As large language models (LLMs) become more prevalent, deploying and managing them efficiently, reliably, and at scale in production is a major challenge for businesses. The Cloud-native AI Serving Stack is an end-to-end solution built on Container Service for Kubernetes and designed specifically for cloud-native AI inference. The stack addresses the entire lifecycle of LLM inference and provides integrated features such as deployment management, smart routing, automatic scaling, and deep observability. The Cloud-native AI Serving Stack helps you manage complex cloud-native AI inference scenarios, whether you are just starting or running large-scale AI operations.

Core features
The Cloud-native AI Serving Stack makes running LLM inference services on Kubernetes easier and more efficient. It uses innovative workload designs, fine-grained scaling, deep observability, and powerful extension mechanisms. The AI Serving Stack has the following core features.

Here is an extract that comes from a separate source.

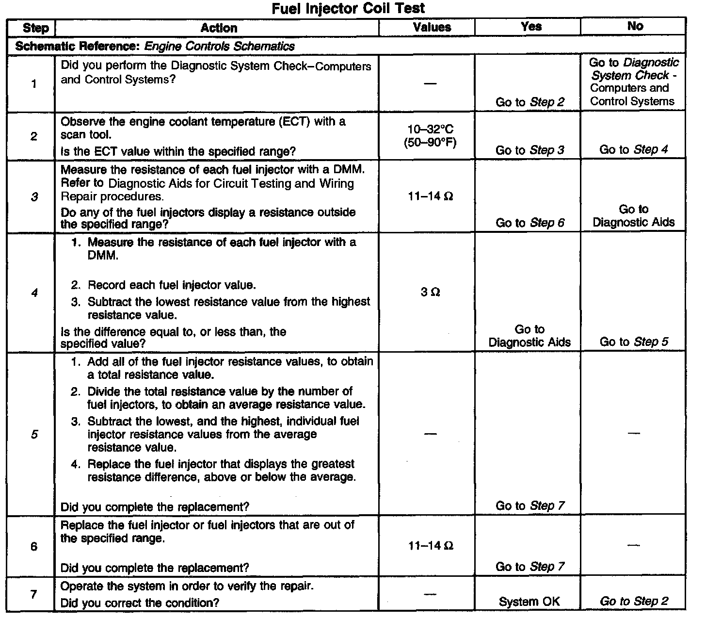 4. This step determines if all of the fuel injectors are within 3 ohms of each other. If the highest resistance value is within 3 ohms of the lowest resistance value, then all of the fuel injector coil windings are OK.

Feature | Description | References |
Supports single-node LLM inference | You can use a StatefulSet to deploy an LLM inference service. This supports single-node, single-GPU and single-node, multi-GPU deployments. | Deploy a single-node LLM inference service |
Supports multi-node distributed LLM inference | You can use a LeaderWorkerSet to deploy a multi-node, multi-GPU distributed inference service. |
|
Supports PD separation deployment for various inference engines | Different inference engines implement PD separation using various architectures and deployment methods. The AI Serving Stack uses RoleBasedGroup as a unified workload to deploy these PD separation architectures. |
|
Elastic scaling | Balancing cost and performance is crucial for LLM services. The AI Serving Stack provides industry-leading, multi-dimensional, and multi-layer automatic scaling capabilities.
|
|
Observability | The black-box nature of the inference process is a major obstacle to performance optimization. The AI Serving Stack provides a ready-to-use and deep observability solution.

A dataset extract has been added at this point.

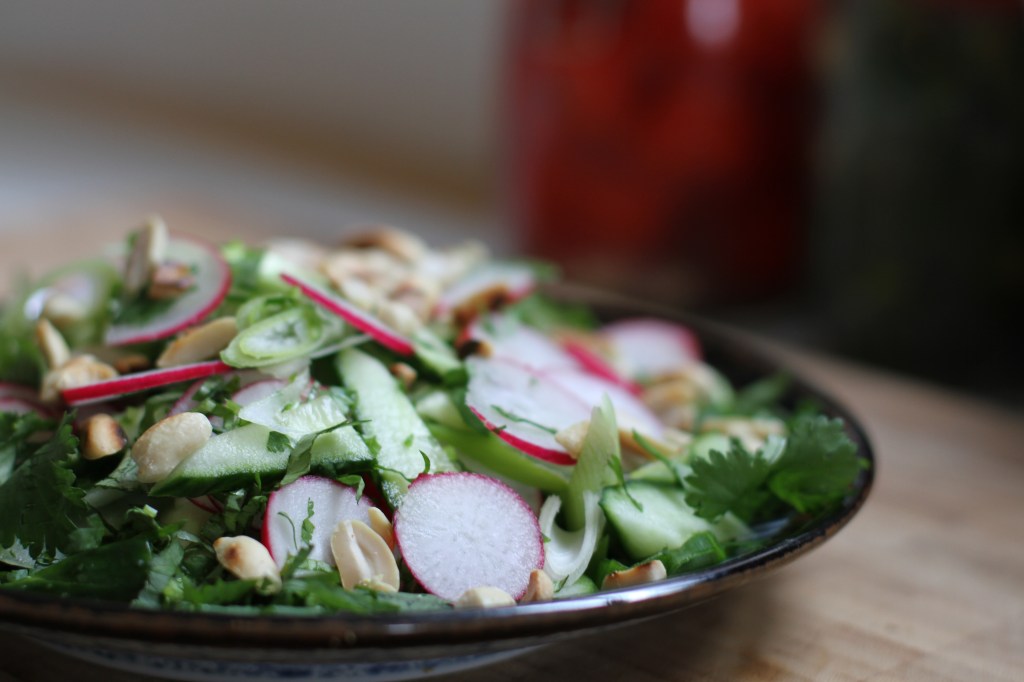 Half a cucumber, cut lengthways into 4, seeds removed and sliced thin at an angle.

| Configure monitoring for an LLM inference service |
Inference gateway | The ACK Gateway with Inference Extension component is an enhanced component based on the Kubernetes Gateway API and its Inference Extension specification. It supports Kubernetes Layer 4 and Layer 7 routing services and provides a series of enhanced capabilities for generative AI inference scenarios. This component simplifies the management of generative AI inference services and optimizes load balancing performance across multiple inference service workloads. | Configure smart routing with an inference gateway for an LLM inference service |
Model acceleration | In AI inference scenarios, the slow loading of LLM models causes problems, such as high application cold-start times and hindered elastic scaling. Fluid builds a distributed cache to store remote model files on local nodes. This enables fast startup, zero redundancy, and extreme elasticity. | |
Performance profiling | For deeper performance analysis, you can use the AI Profiling tool. It allows developers to collect data from GPU container processes to observe and analyze the performance of online training and inference services without interrupting the service or modifying the code.
| AI Profiling |
Disclaimer
The AI Serving Stack provides deployment and management capabilities for open-source inference engines and their PD separation frameworks. Alibaba Cloud provides technical support for the AI Serving Stack. However, Alibaba Cloud does not provide compensation or other commercial services for business losses caused by defects in the open-source engines or open-source PD separation frameworks.